**Task prompt**. When copying the data below, keep only the lines from the one with "此物件為宣傳小冊,題名為《沉" through the one with "at the factory.", word for word, and skip the pictures.

**Data to process**.
* * *
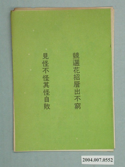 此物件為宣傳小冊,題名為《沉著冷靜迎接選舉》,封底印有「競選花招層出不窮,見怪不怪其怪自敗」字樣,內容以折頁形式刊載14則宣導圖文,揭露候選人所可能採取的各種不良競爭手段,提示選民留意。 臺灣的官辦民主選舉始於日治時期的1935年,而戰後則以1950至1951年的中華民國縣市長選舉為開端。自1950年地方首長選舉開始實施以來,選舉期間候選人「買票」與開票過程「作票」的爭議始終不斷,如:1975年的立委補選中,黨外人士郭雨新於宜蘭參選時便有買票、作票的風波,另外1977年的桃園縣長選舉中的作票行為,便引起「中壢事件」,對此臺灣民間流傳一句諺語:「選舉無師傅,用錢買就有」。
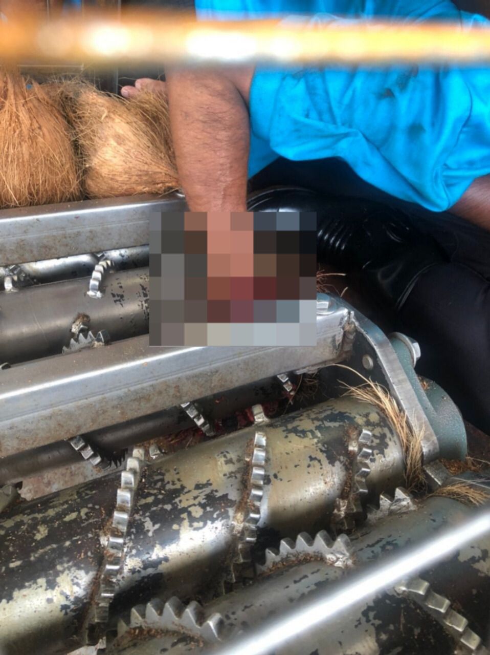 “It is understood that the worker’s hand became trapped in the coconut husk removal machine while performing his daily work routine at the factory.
* * *
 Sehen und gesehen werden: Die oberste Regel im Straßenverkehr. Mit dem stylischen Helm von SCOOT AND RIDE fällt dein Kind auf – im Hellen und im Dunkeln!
* * *
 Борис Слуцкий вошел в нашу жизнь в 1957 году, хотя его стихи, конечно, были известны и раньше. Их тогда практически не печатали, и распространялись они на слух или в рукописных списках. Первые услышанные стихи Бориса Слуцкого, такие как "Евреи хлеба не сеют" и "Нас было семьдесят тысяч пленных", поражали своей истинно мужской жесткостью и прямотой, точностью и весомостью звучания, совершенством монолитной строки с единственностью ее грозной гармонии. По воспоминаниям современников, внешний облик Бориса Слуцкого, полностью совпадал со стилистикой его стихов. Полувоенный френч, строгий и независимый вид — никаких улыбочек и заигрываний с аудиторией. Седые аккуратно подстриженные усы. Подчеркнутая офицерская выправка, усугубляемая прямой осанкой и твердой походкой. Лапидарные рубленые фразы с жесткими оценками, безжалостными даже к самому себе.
* * *
**Result of the exercise**.
 此物件為宣傳小冊,題名為《沉著冷靜迎接選舉》,封底印有「競選花招層出不窮,見怪不怪其怪自敗」字樣,內容以折頁形式刊載14則宣導圖文,揭露候選人所可能採取的各種不良競爭手段,提示選民留意。 臺灣的官辦民主選舉始於日治時期的1935年,而戰後則以1950至1951年的中華民國縣市長選舉為開端。自1950年地方首長選舉開始實施以來,選舉期間候選人「買票」與開票過程「作票」的爭議始終不斷,如:1975年的立委補選中,黨外人士郭雨新於宜蘭參選時便有買票、作票的風波,另外1977年的桃園縣長選舉中的作票行為,便引起「中壢事件」,對此臺灣民間流傳一句諺語:「選舉無師傅,用錢買就有」。
 “It is understood that the worker’s hand became trapped in the coconut husk removal machine while performing his daily work routine at the factory.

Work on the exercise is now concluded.